Самый первый лед, к примеру. Зорчайший ледочек. Все дно на мелководье сквозь него видать. И рыболовы застывают на береговой кромке, не решаясь ударить пешней по ледяной амальгаме. Страшно пробить с первого раза зеркало льда – тогда рыбалку придется на следующие выходные переоткладывать. А Семеныч уж тут как тут.
– Что, боязно? А я вчера был, до обеда пару кило окуня́ взял. Кру́пна!
И он бросает победоносный взгляд вправо и влево, подталкивает рыболовов с пешенками на лед, а сам держится чуть позади. Это любимая тактика Семеныча – выведывать обстановку за счет других. А «кру́пна» – заветное его определение. Подойдет, спросит, бывало: «Есть сорожка-то?» «Есть маленько», – отвечаешь ему, не отводя взгляда от поплавочков. И старик сразу же оживляется: «А сорога-то кру́пна?»
Красиво говорил Семеныч, на свой манер, неповторимо. Правда, и нежное словечко, вдруг вырвавшееся, как подснежник из-под мартовского сугроба, из его никогда не прикрываемой шарфом седой груди (ватник распахнут в любые морозы), тут же примораживал отборной руганью ювелирной огранки.

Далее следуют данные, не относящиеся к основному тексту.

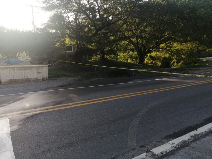 Personal operativo del Centro de Atención a Emergencias Región Norte, dependiente de esta Secretaría, mantienen acordonada la zona, mientras arriban al lugar personal especializado en el manejo de cianuro, proveniente del estado de Morelos, para controlar una fuga que presenta la unidad accidentada.

– Я ведь лесенку-то эту сам ладил, и хоть бы один… мне помог. Нет, ни… не дождешься.
Неудачный оказался этот выход на лед для Семеныча. В том подвох, что всю его артистическую тираду слушал упомянутый уже нами Яшка, местный голубятник, мужик еще молодой и крепкий. Он-то, Яшка, пару недель назад и вырубал злосчастную лесенку, а Семеныч подначивал: «Старайся, старайся, дурень, тебе, глядишь, правительство премию даст – голубям на прокорм».
– Значит, говоришь, ты сам ладил, – ласково спрашивает Яшка Семеныча, – значит, говоришь, бездельники все вокруг проклятущие…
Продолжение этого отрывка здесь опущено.